Untangling Generational Trauma

People talk about identity like it begins with grand displays or gestures—names, flags, pronouns, rewritten pasts. But for NeuroSpicey kids, it doesn’t start with what they can name. It starts in the body. In sensory safety. In being allowed to exist without apology. It starts, sometimes, with hair.

That morning, I was just trying to get my son into the shower.

Then I saw it: a knot the size of a golf ball. Not just tangled—woven. A tight, silent storm of friction and time and sensory chaos. My gut dropped. His hair, his long, beautiful hair, has been part of how he sees himself for years. Cutting it would have felt like cutting through something sacred. I almost cried from what might need to be done.

But I wasn’t going to panic. I wasn’t going to let frustration take the wheel.

He stepped into the water, and I stepped into presence.

Conditioner. Bag. Time. Research. I learned about porosity, frizz, moisture loss, and how some ingredients soothe while others inflame. I built a plan. And then I got to work, slow, careful, intentional. He played with his waffle blocks while I moved strand by strand, breathing alongside him. We exchanged hair puns, that my daughter said “We’re Knot funny.”

My son has high porosity hair, it absorbs moisture as fast as it looses it. Its wavy, it tangles if not met with a routine and care plan that matches not only his hair chemistry, but how processes the world.

And yeah, I had to make two small snips. Maybe ten strands total, an inch and a half, tucked into the end of his hair. You can’t even see it. His hair remains intact. He was smiling by the end. And that’s what matters most.

But that knot? It became more than a hair emergency. It became a ritual. A rite. A pause in the chaos where I could show him: you’re not too much for me.

Because I didn’t just fix it.. I built a world we could both live in. I turned the routine into a rhythm. We gave everything names. The detangler became “slip potion.” His towel is “armor.” He gets XP for bravery during comb-outs. We talk through each step before we do it. No surprises. No sudden shifts. I designed the process not just for his hair, but for his nervous system. For his inner language. For him.

And it worked because I’ve been doing my own work, too.

Through reclaiming my identity, I’ve started turning moments that used to overwhelm me into moments of reverence. I’ve learned to respond instead of react. I pause. I breathe. I don’t rush in with control; I show up with steadiness. And in that shift, I’ve found something I didn’t even know I was searching for: the kind of father I needed when I was younger. One who doesn’t need his child to make sense to love him fully.

Because that’s the truth of it, this isn’t just about hair.

It’s about trust. Autonomy. The dignity of expression. For neurodivergent kids, identity isn’t just about what they love—it’s about what keeps them whole.

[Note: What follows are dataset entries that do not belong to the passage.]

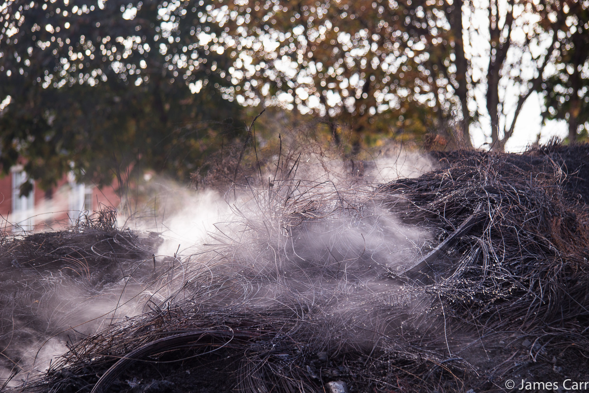 It was a beautiful, crisp day today, so I headed out at lunch and walked down as far as Sandymount strand. I was aiming to take a shot of the Pigeonhouse towers, with the added benefit of some fresh air away from my desk. I got sidetracked along the way at Aviva stadium (see separate post) and when I reached the strand, I found the remains of what must have been a monster of a bonfire. Still smouldering away four days after Hallowe’en.
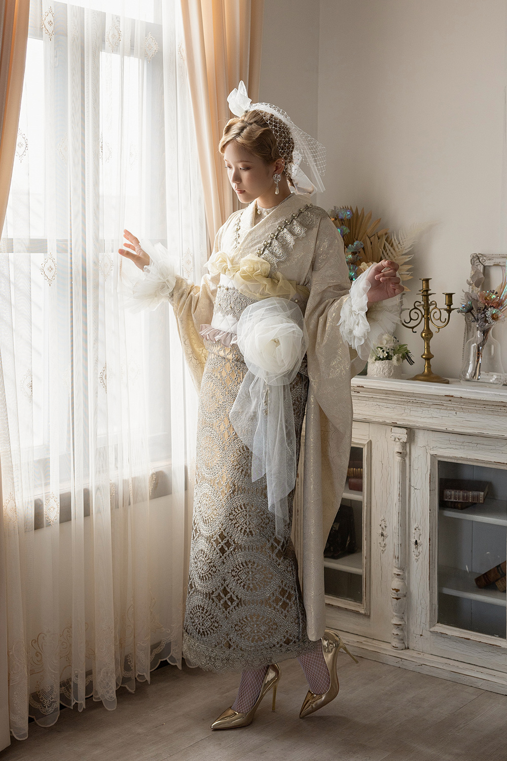 白とキラキラゴールドにチュールやパール、レースなど女の子の好きを詰め込んだお振袖となっております。
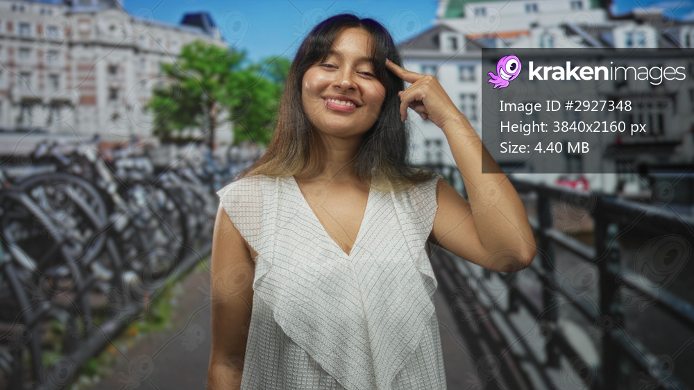 Young brunette woman points finger to head on street in amsterdam near canal and bike racks wearing white blouse; playful thinking.
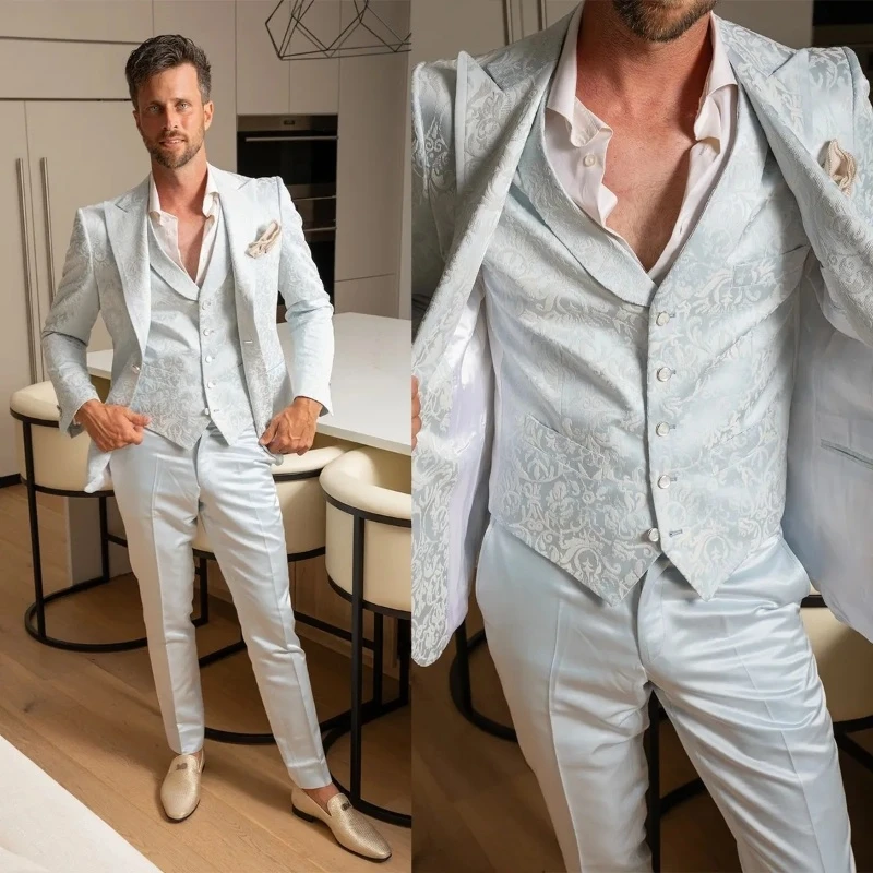 Gavin White Jacquard Peaked Lapel Three Pieces Men Suits For Wedding
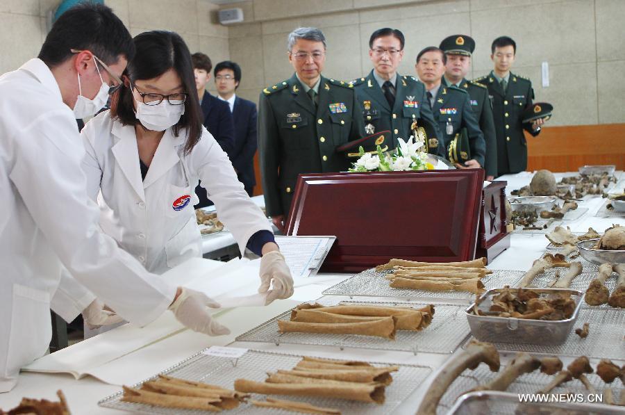South Korean workers prepare the remains of Chinese soldiers who died in the Korean War, in Paju, South Korea, March 16, 2015. The remains of 68 Chinese soldiers will be flown back to China after a handover ceremony at Incheon Airport on March 20.(Xinhua/Yao Qilin)
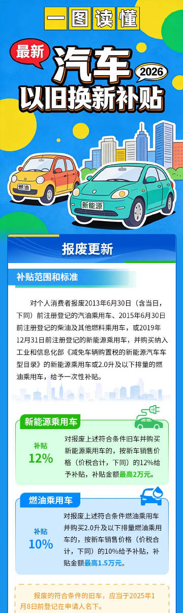 【一图读懂|2026年汽车以旧换新补贴】对个人消费者报废2013年6月30日(含当日,下同)前注册登记的汽油乘用车、2015年6月30日前注册登记的柴油及其他燃料乘用车,或2019年12月31日前注册登记的新能源乘用车,并购买纳入工业和信息化部《减免车辆购置税的新能源汽车车型目录》的新能源乘用车或2.0升及以 ...全文
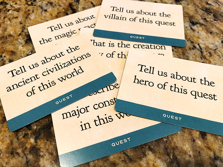 Once everyone is ready, the responses are collected, shuffled, and passed out randomly to each player. Players then take turns reading the response that was handed to them. After all of them have been read, players secretly vote on which one they liked the best. The response that got the most votes becomes the quest for the group’s tale, with the player who wrote it becoming the storyteller for the next round.
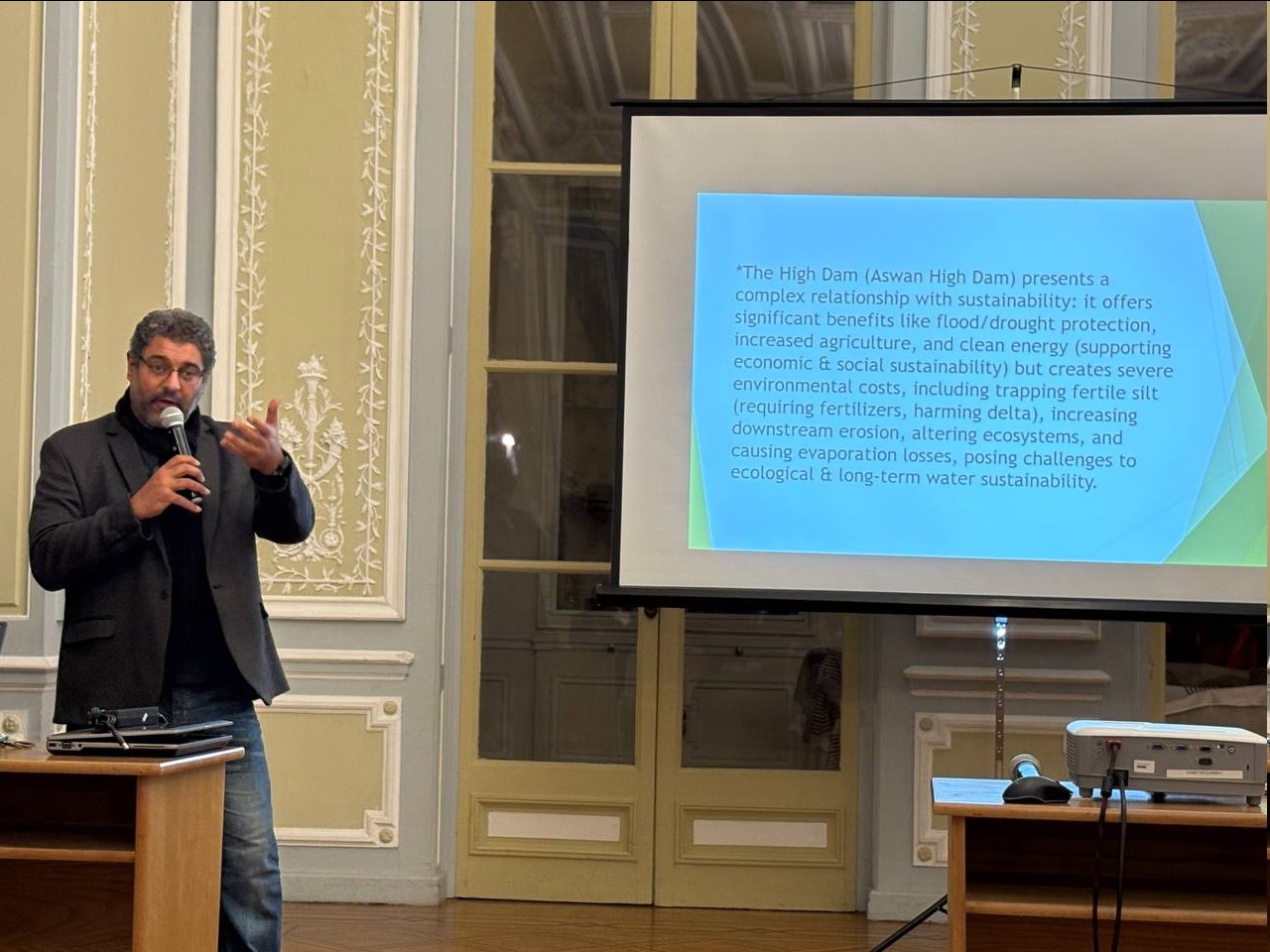 Почётным гостем мероприятия стал профессор Александрийского университета, заведующий кафедрой ирригации и гидрологии Хаймам Махмуд Авад. Он рассказал о технических особенностях строительства плотины и её значении для развития Египта. В завершение встречи участники отметили важность мероприятий, которые напоминают о значимых страницах совместной истории России и Египта, для укрепления отношений между нашими странами.

What reflects them back to themselves when the world frays their edges.

His hair is part of that.

And now, he knows his dad doesn’t just tolerate who he is—I protect who he is. I learn his language. I adapt. I stay when it’s hard. I honor the strands of his selfhood, even when they tangle.

If identity really matters, then we have to show up not just when it’s easy, but when it’s textured, when it’s sensory, when it’s silent and sacred and small.

I didn’t save every strand.

But I saved the story.

And my son? He knows he is loved, loudly, quietly, and without condition. Just a little extra conditioner.”

There were no tears shed today that didn’t come from laughter. Tonight, after the kids go to bed, I’m going to look into how to braid hair for their hair styles. Maybe I’ll see if I can find a wig and practice on it. One thing I know for sure, I have to brush up on my hair puns.

One strand at a time

What if this is how we showed up to people? Not just our kids. But partners. Friends. Strangers. Ourselves. What if we treated someone’s internal knot the way I treated that chunk of hair, “knot” as a problem, but as something worthy of patience, presence, and time?

It took me two hours. And yeah, I’ll tout that. Two hours on one knot. Some might call it a waste. But what I learned, what we built, in those quiet hours? It’s worth more than anything else I could’ve been doing.

And I didn’t even realize that until just now.

Because I didn’t just detangle my son’s hair, I detangled his nervous system.
I held space for a moment that could’ve become trauma, and instead turned it into a memory of safety, care, and identity.

That is trauma-informed parenting in action.
That is neurodiversity-affirming love.
That is what generational healing looks like.

I didn’t fix hair. I built trust.
I didn’t brush knots… I met my son’s whole self, exactly where he was, and told him:

“You’re safe here. You’re not too much. I won’t cut away the parts of you that don’t make sense to the world.”